Payment of fees, fines and assessments
Defendant correctly states that the trial court’s oral pronouncement with regard to fees conflicts with the clerk’s minute order, as well as the misdemeanor sentencing memorandum. In regard to fees imposed upon defendant at the sentencing hearing, the reporter’s transcript reflects that, as to count 1, the court “also ordered [defendant] to pay the court’s fees.” The clerk’s minute order as to count 1 indicates the court’s fees are: a $30 criminal conviction assessment, a $40 court operations assessment, and a restitution fine of $120, for a total of $190 due. As to count 2, the reporter’s transcript indicates that the court imposed “an additional fee of... $60 or so for the second conviction....” The clerk’s minute order for count 2 specifies fees of “$30.00 criminal conviction assessment” and “$40.00 court operations assessment, ” which total $70. The misdemeanor sentencing memorandum indicates that the court imposed a restitution fine of $120 and a court security fee of $40, for a total of $190.

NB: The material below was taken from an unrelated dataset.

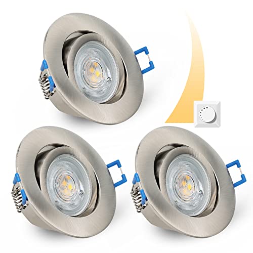 URing Faretto LED da incasso 230V dimmerabile Orientabili, Faretti a Luce Led a soffitto 3000K bianco caldo 5W 650LM, Rotondi Ultra Piatti Lampada da Incasso per bagno, soggiorno, bianco, Nichel

In attempting to clarify the court’s order, we look primarily to the transcript of the oral proceedings. The record of the oral pronouncement of the court controls over the clerk’s minute order. (People v. Farell (2002) 28 Cal.4th 381, 384, fn. 2.) The trial court’s oral pronouncement refers to the fees and fines, but is simply silent as to the specific amounts and the bases therefor. An order of probation must set forth each fine or fee imposed and the basis of each. (People v. Eddards (2008) 162 Cal.App.4th 712, 715.) “Although we recognize that a detailed recitation of all the fees, fines and penalties on the record may be tedious, California law does not authorize shortcuts.” (People v. High (2004) 119 Cal.App.4th 1192, 1200.) This is necessary because a probationer must be sure what is required of him, and the court must be able to determine if a condition has been violated. (People v. Reinertson (1986) 178 Cal.App.3d 320, 324-325.) The record herein is insufficient to determine the precise conditions of probation. The case is remanded to the trial court to specify the exact fines imposed, as well as the bases therefor. Further, we note that the criminal conviction fee and the court operations assessment may not be imposed as a condition of probation. (People v. Kim (2011) 193 Cal.App.4th 836, 842-843.)
The judgment is affirmed. The case is remanded to the trial court for sentencing consistent with this opinion.
WE CONCUR: P. McKAY, P. J. RICCIARDULLI, J.